Carlos Carvalhal desvaloriza ausências e promete Braga para ganhar em Arouca

O treinador Carlos Carvalhal desvalorizou esta quarta-feira as várias ausências no Braga e prometeu uma equipa para vencer na deslocação ao terreno do Arouca, na quinta-feira, da 16.ª jornada.

Os minhotos foram eliminados pelo Vizela da Taça de Portugal (1-0), na última quinta-feira, jogo em que também perderam André Horta e Abel Ruiz, expulsos, para a deslocação a Arouca.

Carlos Carvalhal não vai também poder contar com Ricardo Horta e Chiquinho, que testaram positivo ao coronavírus, no domingo, nem com os lesionados Castro, Sequeira, Galeno e, o de mais longa duração, David Carmo, mas já pode contar com Vitinha, recuperado de lesão.

O treinador desvalorizou as ausências, garantindo um Braga com "a mesma filosofia", e frisou a aposta na formação, considerando ser o treinador do Sporting de Braga que mais jovens lançou na primeira equipa.

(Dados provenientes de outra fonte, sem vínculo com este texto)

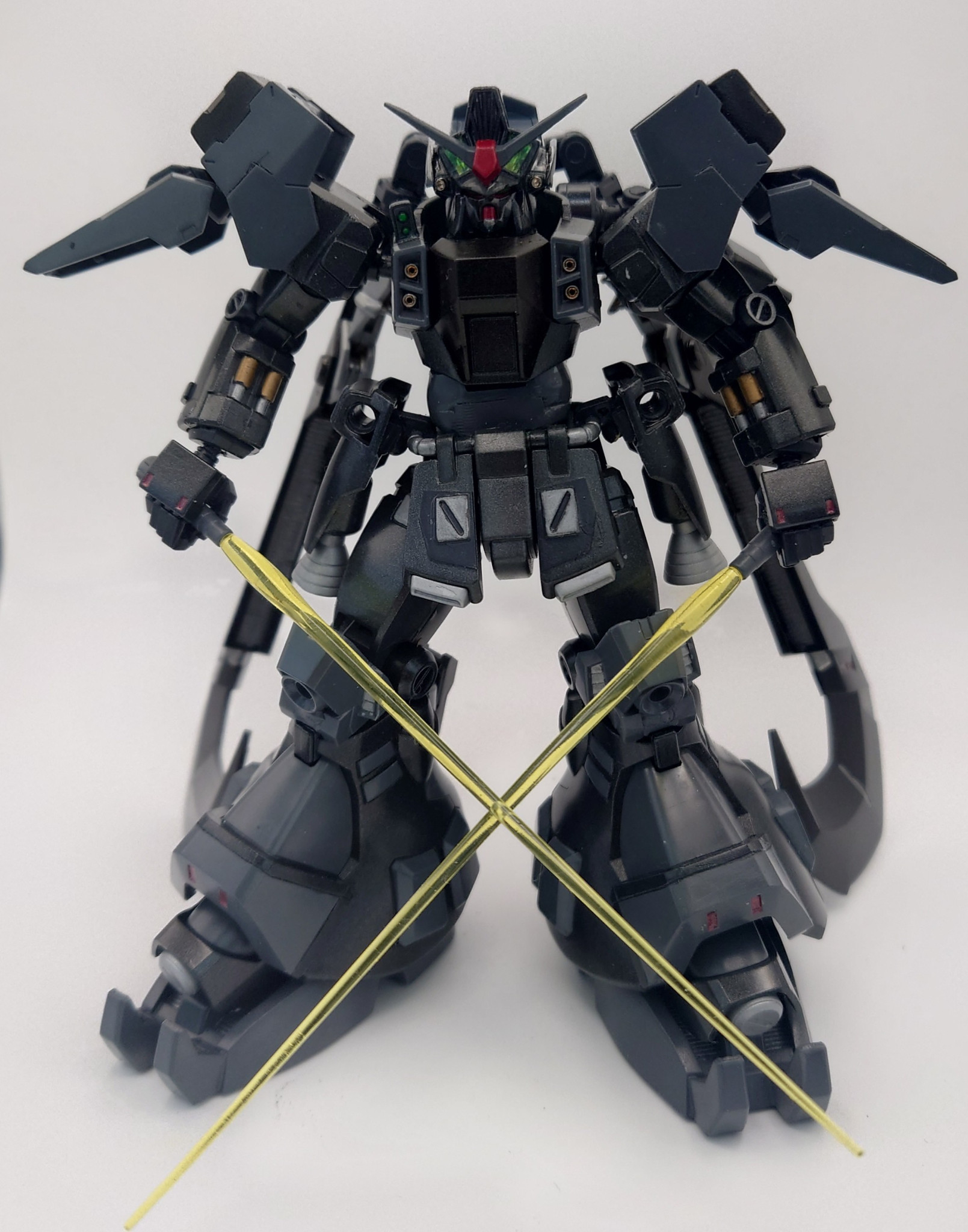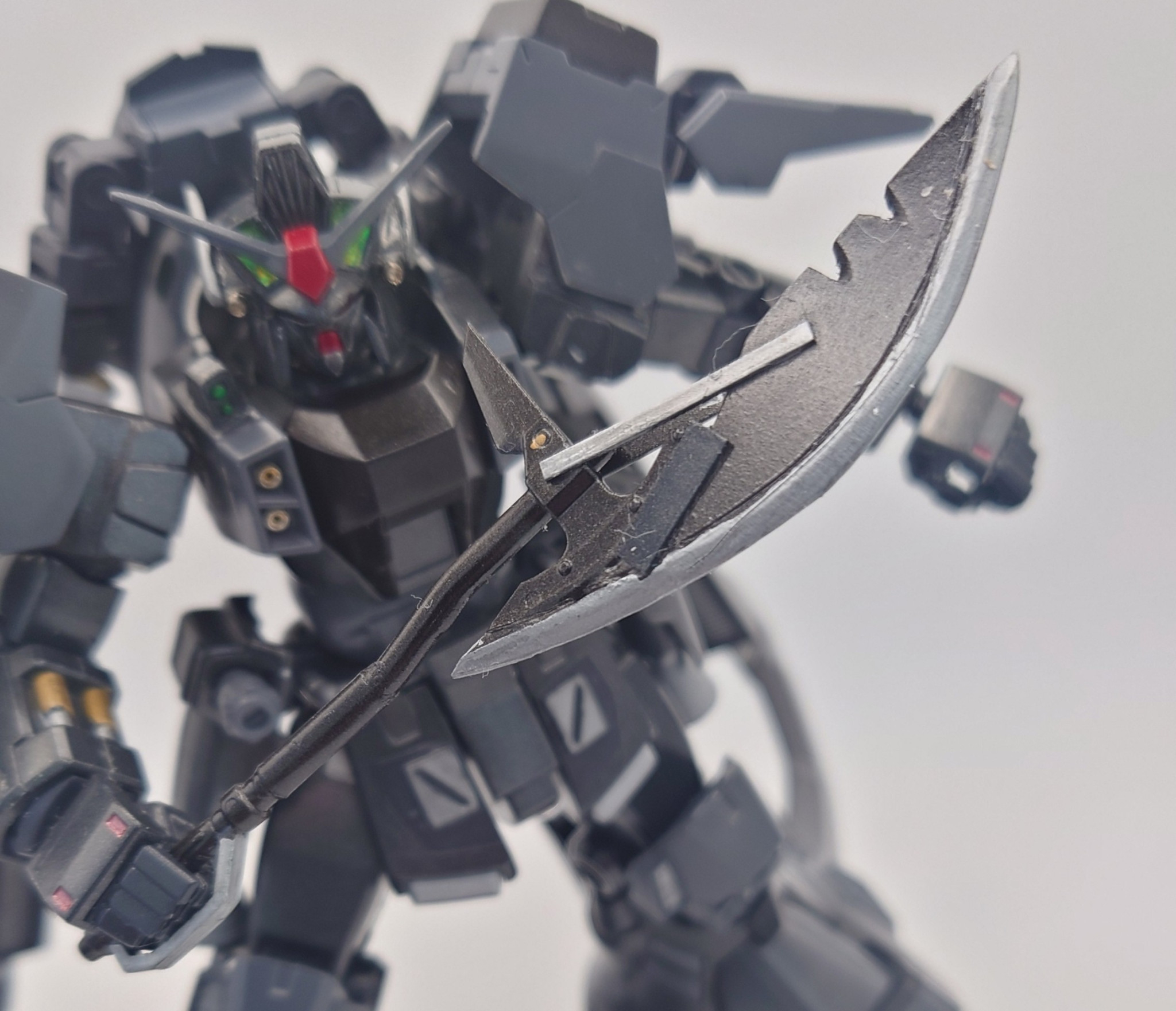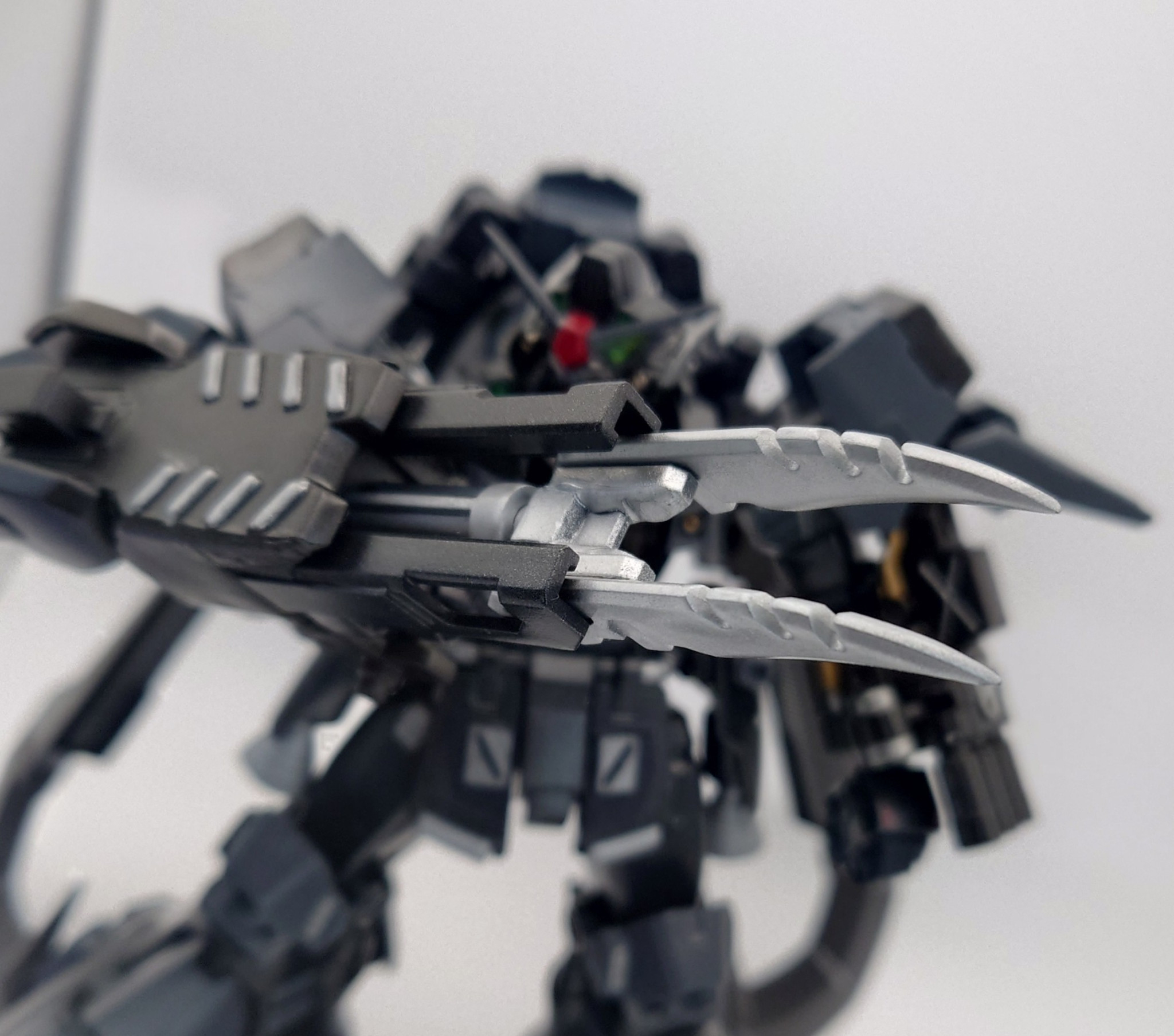 飛行時の姿勢制御だけでなく、鋭利な実体剣として対象を攻撃可能。ブースターで加速しつつ、振られる一撃はMSを容易く両断する。

"Uma das coisas que me pediram foi a aposta nos jovens da formação e tenho a consciência de que, um dia em que sair do Sporting de Braga, vou ser recordado pelo treinador que esteve em três finais [Taça da Liga, Taça de Portugal e Supertaça], que venceu uma Taça de Portugal, mas também pelo treinador que mais jovens lançou na primeira equipa", disse.

Carlos Carvalhal, que deu os exemplos de Moura, Vítor Oliveira ou Bruno Rodrigues, destacou que essa aposta tem que ver com a competência: "um jogador de 17 ou 37 anos, mostrando competência, pode jogar no Sporting de Braga, tem é que o mostrar durante a semana".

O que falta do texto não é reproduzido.